L’Iran a annoncé, samedi, avoir de nouveau fermé le détroit d’Ormuz, revenant sur sa décision de la veille de le rouvrir partiellement. Téhéran justifie ce revirement par la poursuite du blocus américain visant ses ports. Cette escalade intervient dans un contexte de tensions régionales et de trêves fragiles.
Téhéran durcit sa position
Dans un communiqué relayé par la télévision d’État, le commandement des forces armées iraniennes Khatam Al-Anbiya affirme avoir rétabli un « contrôle strict » sur le détroit, point névralgique du commerce mondial des hydrocarbures. Les autorités iraniennes accusent les États-Unis de ne pas avoir respecté leurs engagements, dénonçant des « actes de piraterie » sous couvert du blocus maritime.
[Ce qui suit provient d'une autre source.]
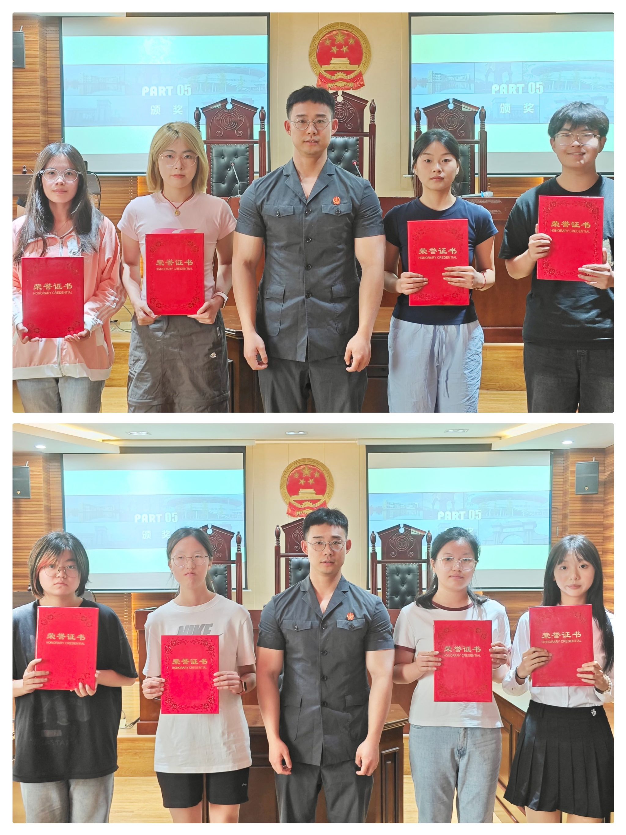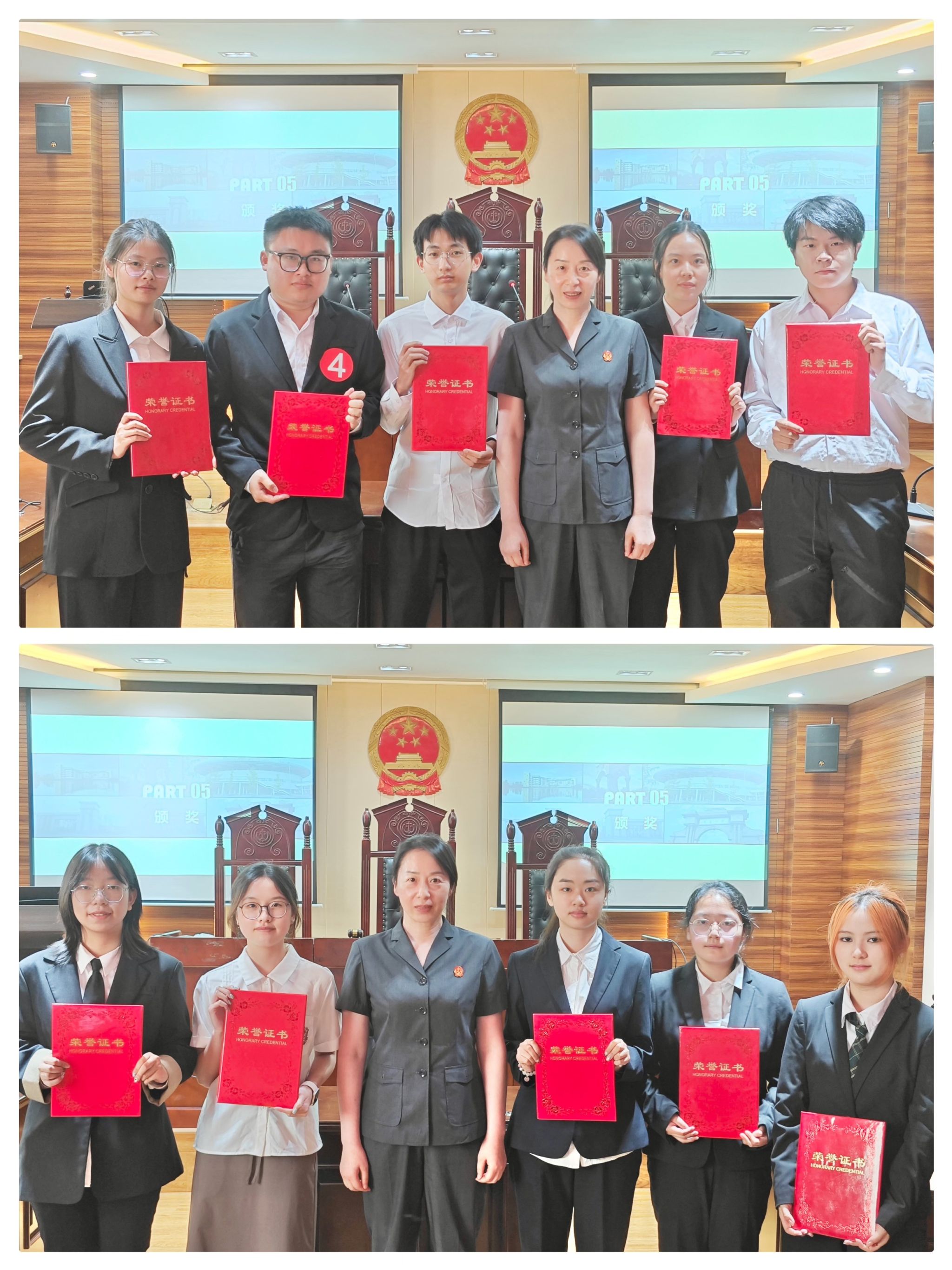 赛事已经接近尾声,王庭长宣布了决赛两支参赛团队的最终成绩和本次模拟法庭竞赛的获奖情况:杜星瑶团队荣获本次模拟法庭竞赛的冠军,高博团队获得亚军,两支参赛团队双双荣获一等奖;刘雨晨、康雪雪两支参赛团队荣获二等奖;张瑞轩、刘瑾仪、曾梓涵、王涵玉四支参赛团队荣获三等奖,陈佳佳、叶思宁两支参赛团队荣获优胜奖。最后,祝院长、王庭长、刘庭长和张法官分别为获奖队伍颁奖并与参赛团队合影留念。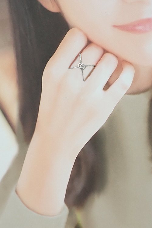 コメントグッチの、アイコニックなGGのロゴがデザインされた、クールなGGランニングリングです。クロスした細めのアームが、モード感のある印象的なお手元を演出します。裏側にもダイヤモンドが1粒セットされています。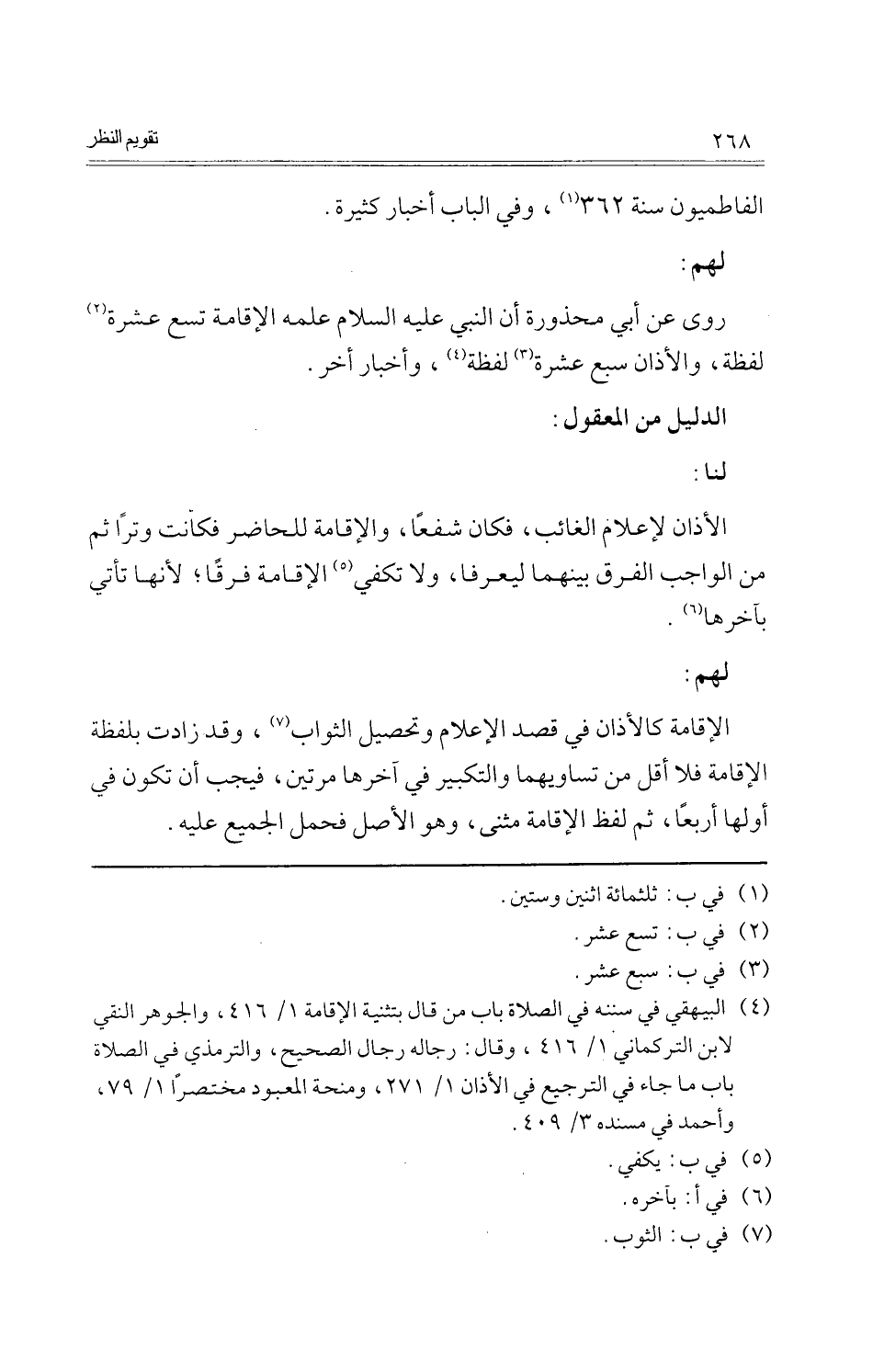 روى عَن أبي مَحْذُورَة أَن النَّبِي عَلَيْهِ السَّلَام علمه الْإِقَامَة تسع عشرَة لَفْظَة، وَالْأَذَان سبع عشرَة لَفْظَة، وأخبار أخر.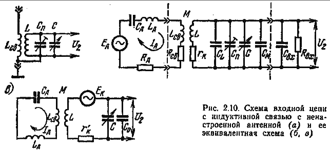 На рисунке представлены принципиальная и эквивалентная схемы входной цепи с индуктивной связью с ненастроенной антенной.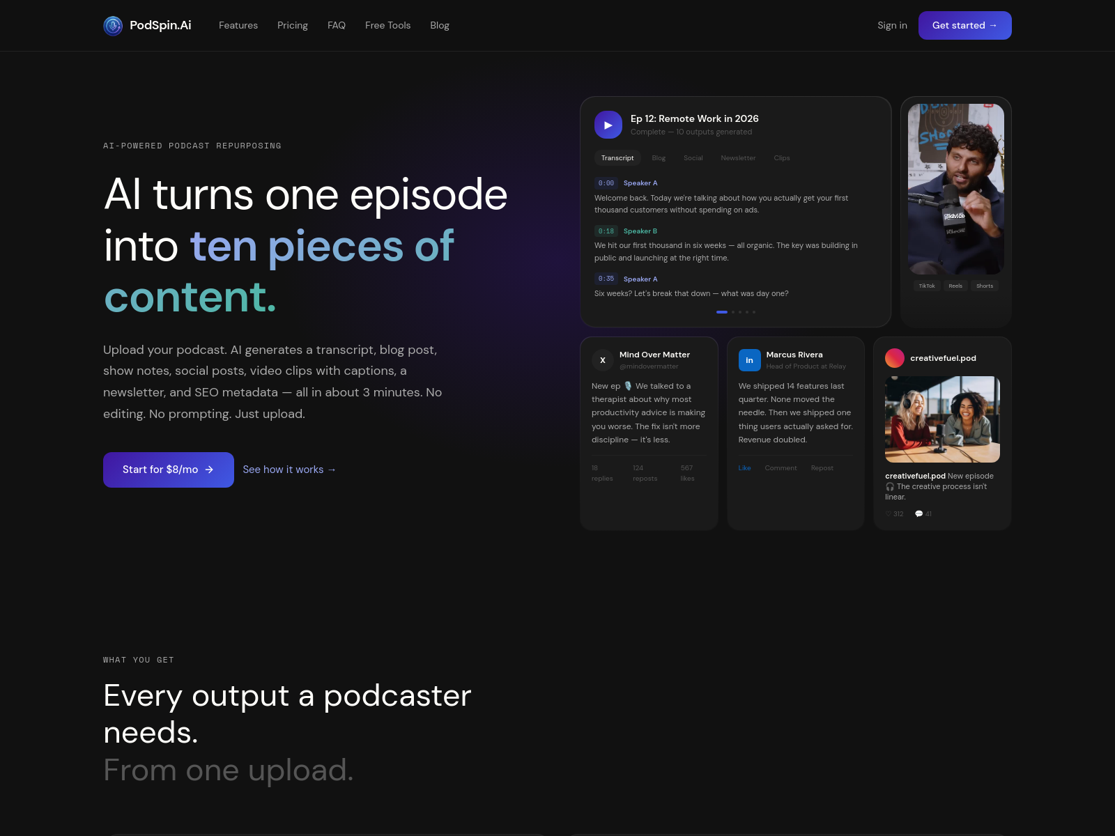 PodSpin是一款AI工具,可将单个播客节目快速生成10种内容,支持音频、视频或YouTube链接输入,自动生成字幕、博客、社交媒体帖文等。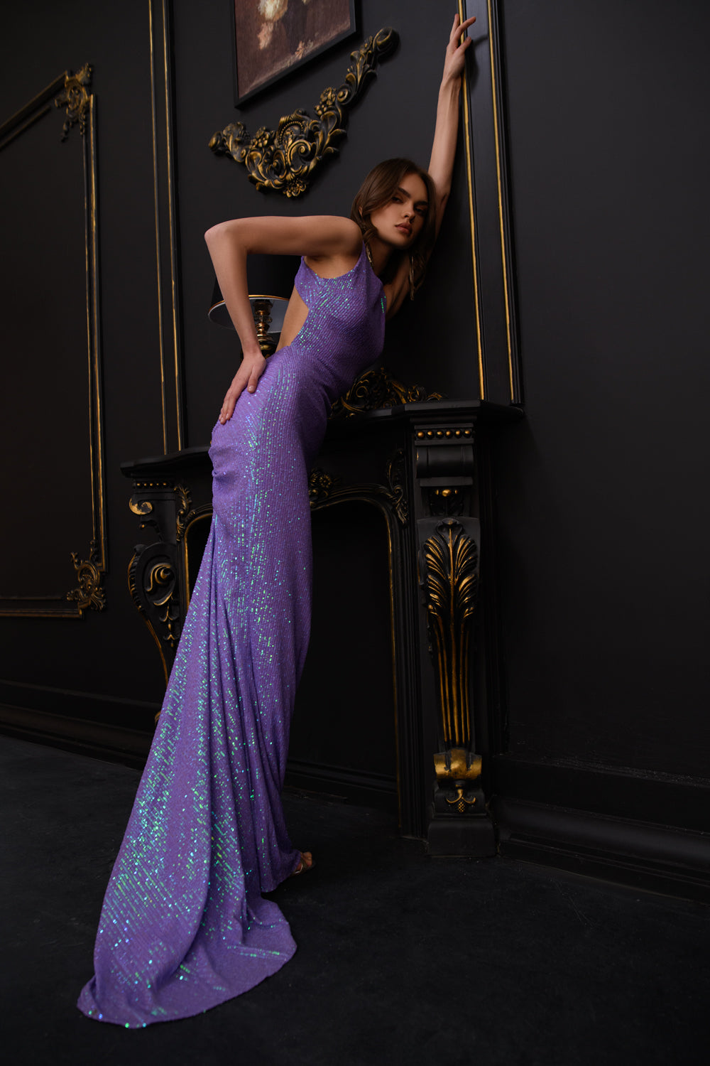 Lila Payetli Sırt Dekolteli Kuyruk Detaylı Uzun Elbise

La veille, l’Iran avait pourtant autorisé, selon ses déclarations, un passage limité de pétroliers et de navires commerciaux « de bonne foi », avant de revenir sur cette mesure moins de 24 heures plus tard.
Washington maintient la pression
Le président Donald Trump a réaffirmé que le blocus des ports iraniens resterait en vigueur tant qu’aucun accord de paix ne serait conclu avec Téhéran. Il a également évoqué la possibilité de ne pas prolonger le cessez-le-feu en cours au-delà de son échéance.
Ce maintien de la pression américaine alimente le bras de fer entre les deux puissances, avec des répercussions directes sur la sécurité maritime dans la région.
Parallèlement, l’Iran a annoncé la réouverture partielle de son espace aérien à l’est du pays, permettant la reprise de certains vols internationaux. Des données de suivi aérien confirment qu’au moins un appareil commercial a survolé le territoire iranien après cette décision.
Sur le plan diplomatique, des initiatives se poursuivent : des responsables pakistanais ont achevé une série de visites pour favoriser une désescalade, avec la perspective de nouveaux pourparlers entre Washington et Téhéran.
Une trêve fragile au Liban
Dans le même temps, un cessez-le-feu de dix jours est entré en vigueur entre le Liban et Israël. Le président Joseph Aoun a indiqué travailler à un accord durable, qualifiant cette trêve de « phase de transition » vers un règlement plus stable.